Katrine empezó a hacer un gesto lento de negación con la cabeza. Señaló hacia tierra.

—Me he pasado dos horas esperándote en el cobertizo. Porque sabía que ibas a venir. He estado estudiándote, Harry. Siempre encuentras lo que buscas. Por eso te escogí.

—¿Que me escogiste?

—Te escogí para que encontrases al Muñeco de Nieve por mí. Por eso recibiste la carta.

—¿Por qué no podías encontrar al Muñeco de Nieve tú misma? No es que tuvieras que buscar muy lejos.

Ella negó con la cabeza.

—Lo he intentado, Harry. Llevo muchos años intentándolo. Sabía que no lo lograría sola. Tenías que ser tú, eres el único que ha logrado atrapar a un asesino en serie. Necesitaba a Harry Hole. —Sonrió con tristeza—. Una última pregunta, Harry. ¿Cómo se te ocurrió que yo te había engañado?

Harry se preguntaba cómo ocurriría. ¿Un tiro en la frente? ¿El hilo candente? ¿Le daría un paseo en barco y lo ahogaría? Tragó saliva. Debería tener miedo. Tanto que no fuese capaz de pensar, tanto como para caer lloriqueando en la cubierta, suplicándole que lo dejase vivir. ¿Por qué no lo hacía? No podía ser el orgullo, se lo había tragado con el whisky y lo había vomitado demasiadas veces. Naturalmente, podía ser que fuese el cerebro, que sabía que aquello no solo no cambiaría la situación, sino todo lo contrario, acortaría más su vida. Pero llegó a la conclusión de que era el cansancio.

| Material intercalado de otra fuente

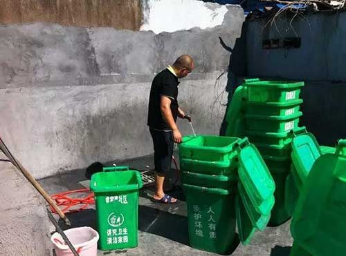 該垃圾桶清洗點選在小區(qū)廢棄操場的一角,原本被居民作為停車場,現(xiàn)在劃出10平方米鋪設(shè)排水管道,裝了壓水泵,還請了一名清潔人員專門負責清洗垃圾桶.接下去,金棉小區(qū)和虞家路農(nóng)村片近200個垃圾桶,將三天“洗一次澡”。此外,眉山、陽明、金山等社區(qū)“洗澡池”也已“營業(yè)”。

Un cansancio profundo que lo impregnaba todo, que lo hacía abrigar un único deseo, que aquello terminase de una vez.

—En el fondo siempre he sabido que esto empezó hace mucho tiempo —dijo Harry, y se dio cuenta de que ya no notaba el frío—. Que todo estaba planeado y que la persona que estaba detrás había logrado meterse dentro de mi vida. No hay tantos entre los que elegir. Cuando vi los recortes de periódico en tu apartamento, supe que eras tú.

Harry la vio parpadear como desorientada. Y notó que una sombra de duda se abría paso en su forma de razonar, en la lógica que antes se le había antojado tan obvia. ¿Seguro? ¿No habría estado presente la duda en todo momento? Un chaparrón vino a sustituir al goteo constante, el agua azotaba la cubierta. Vio que Katrine abría la boca y doblaba el dedo alrededor del gatillo. Cogió la caña de pescar que tenía a su lado y miró fijamente el cañón del revólver. De modo que iba a terminar así, en un barco en Vestlandet, sin testigos, sin pistas. Se le vino a la cabeza una imagen. De Oleg. Solo.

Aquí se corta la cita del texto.